Task goal | From the line with "查体:左侧背部可见成簇水疱,见下图。 辅查:血常规、肝肾功能未见明显异常。" to the line with "Сухой диетический корм", retype every line exactly, including those two, and leave out the rest of the data below.

Items from a dataset |
--- --- ---
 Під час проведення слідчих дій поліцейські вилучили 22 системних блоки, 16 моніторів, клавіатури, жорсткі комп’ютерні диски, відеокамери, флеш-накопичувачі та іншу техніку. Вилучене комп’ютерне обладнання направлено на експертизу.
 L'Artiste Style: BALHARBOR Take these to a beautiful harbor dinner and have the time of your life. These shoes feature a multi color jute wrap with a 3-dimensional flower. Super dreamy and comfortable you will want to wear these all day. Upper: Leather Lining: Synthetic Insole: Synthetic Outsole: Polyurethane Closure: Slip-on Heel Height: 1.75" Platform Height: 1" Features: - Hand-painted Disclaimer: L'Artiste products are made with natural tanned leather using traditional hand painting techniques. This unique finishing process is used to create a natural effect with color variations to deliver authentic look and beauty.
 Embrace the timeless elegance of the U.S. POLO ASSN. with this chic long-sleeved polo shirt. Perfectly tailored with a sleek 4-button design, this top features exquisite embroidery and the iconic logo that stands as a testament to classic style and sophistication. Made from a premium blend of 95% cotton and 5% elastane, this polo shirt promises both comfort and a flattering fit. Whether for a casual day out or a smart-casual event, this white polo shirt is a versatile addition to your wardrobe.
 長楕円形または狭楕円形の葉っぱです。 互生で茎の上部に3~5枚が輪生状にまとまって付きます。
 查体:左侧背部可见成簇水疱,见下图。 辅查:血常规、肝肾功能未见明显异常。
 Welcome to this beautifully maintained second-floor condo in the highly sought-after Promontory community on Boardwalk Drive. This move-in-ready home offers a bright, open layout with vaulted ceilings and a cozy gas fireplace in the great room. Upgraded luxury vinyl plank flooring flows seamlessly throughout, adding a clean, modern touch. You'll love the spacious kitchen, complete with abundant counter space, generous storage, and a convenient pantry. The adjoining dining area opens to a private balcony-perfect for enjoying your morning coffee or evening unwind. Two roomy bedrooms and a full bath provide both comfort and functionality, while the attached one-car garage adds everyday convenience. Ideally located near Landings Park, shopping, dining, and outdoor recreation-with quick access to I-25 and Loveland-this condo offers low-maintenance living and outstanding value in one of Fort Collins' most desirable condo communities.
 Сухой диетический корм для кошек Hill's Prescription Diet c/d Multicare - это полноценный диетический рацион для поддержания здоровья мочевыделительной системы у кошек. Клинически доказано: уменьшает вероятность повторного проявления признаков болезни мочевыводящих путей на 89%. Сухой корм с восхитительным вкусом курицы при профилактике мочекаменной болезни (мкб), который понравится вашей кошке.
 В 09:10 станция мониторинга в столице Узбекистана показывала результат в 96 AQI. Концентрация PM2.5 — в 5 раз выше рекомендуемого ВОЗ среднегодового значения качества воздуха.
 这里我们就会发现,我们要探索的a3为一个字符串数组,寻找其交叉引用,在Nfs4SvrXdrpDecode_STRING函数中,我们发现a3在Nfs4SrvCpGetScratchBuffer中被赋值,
--- --- ---
Response area |
 查体:左侧背部可见成簇水疱,见下图。 辅查:血常规、肝肾功能未见明显异常。
 Welcome to this beautifully maintained second-floor condo in the highly sought-after Promontory community on Boardwalk Drive. This move-in-ready home offers a bright, open layout with vaulted ceilings and a cozy gas fireplace in the great room. Upgraded luxury vinyl plank flooring flows seamlessly throughout, adding a clean, modern touch. You'll love the spacious kitchen, complete with abundant counter space, generous storage, and a convenient pantry. The adjoining dining area opens to a private balcony-perfect for enjoying your morning coffee or evening unwind. Two roomy bedrooms and a full bath provide both comfort and functionality, while the attached one-car garage adds everyday convenience. Ideally located near Landings Park, shopping, dining, and outdoor recreation-with quick access to I-25 and Loveland-this condo offers low-maintenance living and outstanding value in one of Fort Collins' most desirable condo communities.
 Сухой диетический корм для кошек Hill's Prescription Diet c/d Multicare - это полноценный диетический рацион для поддержания здоровья мочевыделительной системы у кошек. Клинически доказано: уменьшает вероятность повторного проявления признаков болезни мочевыводящих путей на 89%. Сухой корм с восхитительным вкусом курицы при профилактике мочекаменной болезни (мкб), который понравится вашей кошке.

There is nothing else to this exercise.